Conclusion: The Trap of the Lesser Evil
It would be easy, to conclude that the argument is simply anti-Balen. It is not. Or rather, it is anti-Balen only in the way that it would have been anti-Mussolini in 1923 at a moment when the destination was not yet fully visible but the direction was already clear.
The deeper argument is about a structural vulnerability in democratic systems particularly those that have been badly wounded by sustained corruption and institutional failure.

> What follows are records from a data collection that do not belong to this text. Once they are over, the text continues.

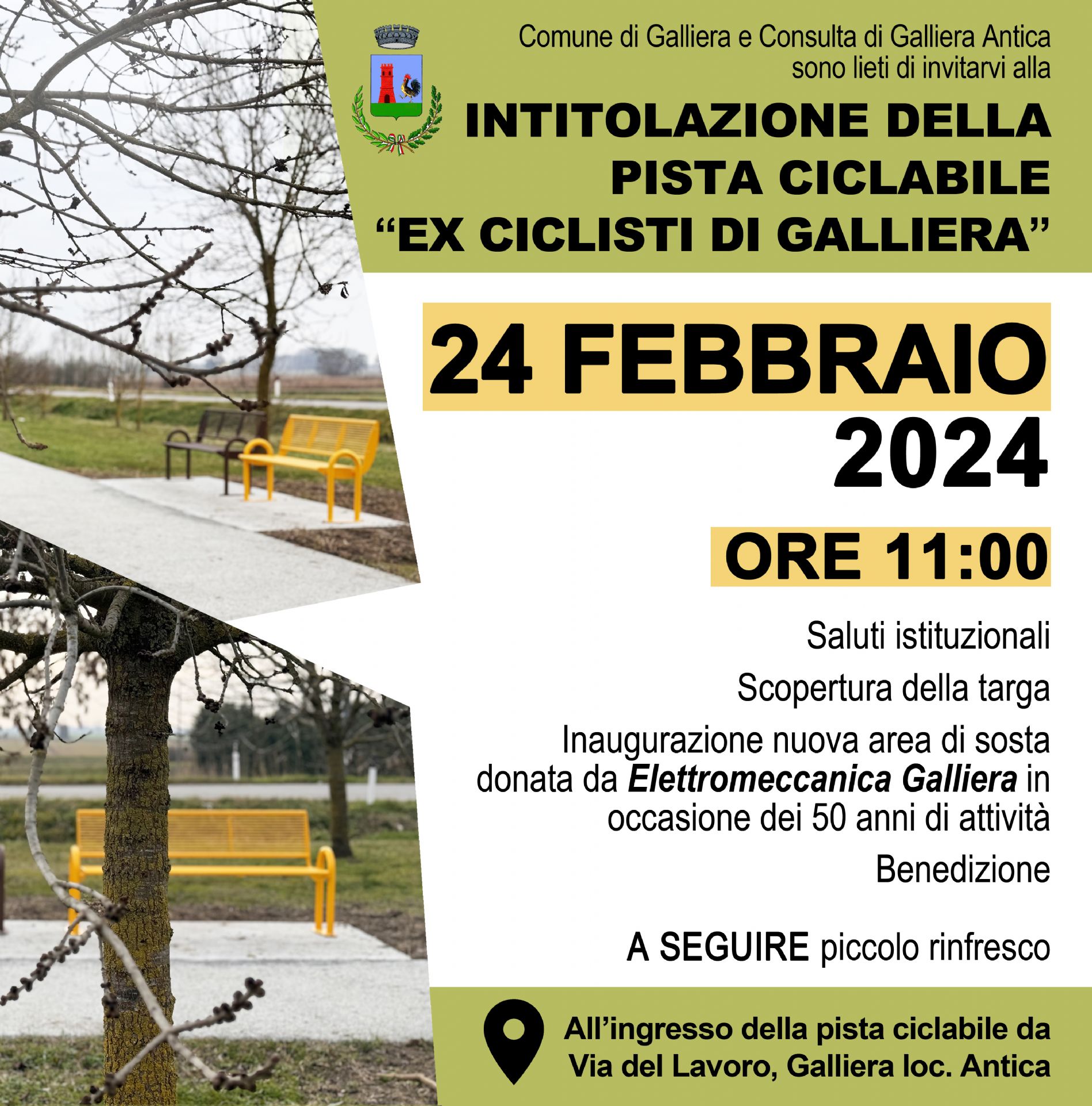 Comune di Galliera e Consulta di Galliera Antica sono lieti di invitarvi alla INTITOLAZIONE DELLA PISTA CICLABILE “EX CICLISTI DI GALLIERA”.
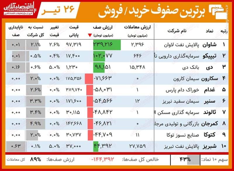 ارزش ۱۰صف خرید برتر بورس و فرابورس در مجموع ۶۵۰میلیارد تومان (۷۵درصد کل) و ۱۰صف فروش برتر ۴۶۰میلیارد تومان (۴۶درصد کل) می‌شود، همچنین حجم صف‌های خرید در ۱۷نماد و حجم صف‌های فروش در ۳۰نماد بیش از ۱۰میلیارد تومان بوده است؛ گفتنی است حجم صف لیزینگ رازی (ولراز) به ۵.۹درصد کل تعداد سهام آن می‌رسد.
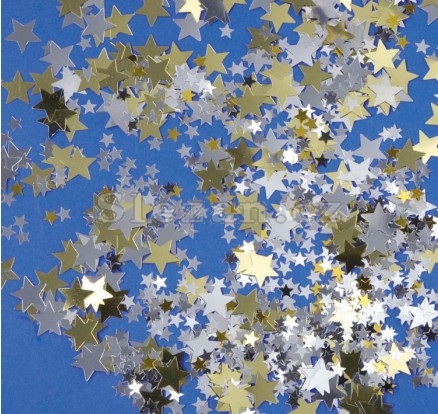 Flitry hvězdičky ve zlaté a stříbrné barvě v několika různých velikostech.
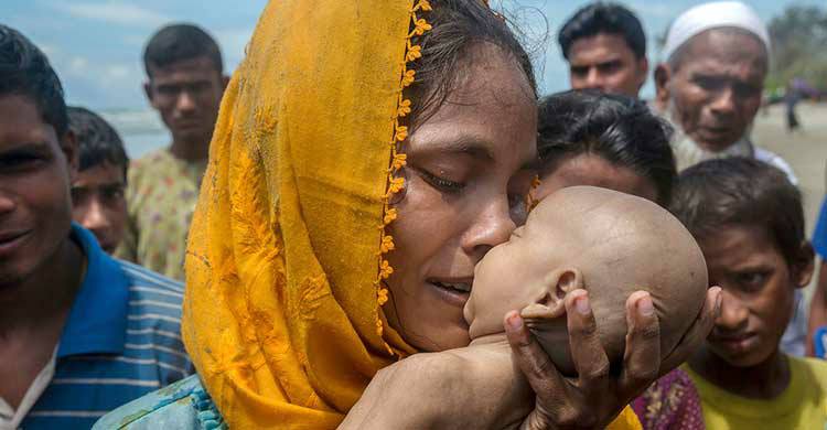 ছোট্ট শিশু মাসুদকে বড় যত্ন করে মা হানিদা রেখে ছিলেন কোলে। বুকের ধনকে বাচাঁতে মিয়ানমারের রাখাইন রাজ্যে সেনাবাহিনীর হত্যাযজ্ঞ থেকে কোনো রকমে বাংলাদেশে আশ্রয় নিয়েছেন তিনি।

When the established parties have so thoroughly destroyed their own legitimacy, they create the conditions for the dangerous outsider. They lower the bar to the floor. And the dangerous outsider does not need to clear a high bar. He only needs to clear the one in front of him.
Nepal’s old political class made Balen possible. This is not an excuse for what he has done and what he appears to be becoming. But it is a necessary part of the analysis.The disease that produced the cure that is also a disease.
The young people who put their energy, their hope, and in some cases their bodies on the line for change in Nepal deserve better than this analysis. They deserve to have their intelligence respected which means being told clearly what the pattern is, what has happened before when this pattern was followed, and what remains to be decided.
The pattern is not destiny. It is a warning. The institutions that remain the press, the judiciary, civil society, political opposition still have the capacity to create accountability if they choose to exercise it. The question is whether they will do so before the institutions themselves are weakened to the point where the question becomes moot.
By the time the pattern is fully visible, it is often too late to act on it easily. That is the final lesson of the historical record.The time to name the playbook is when it is still being run, not after the final act has been performed.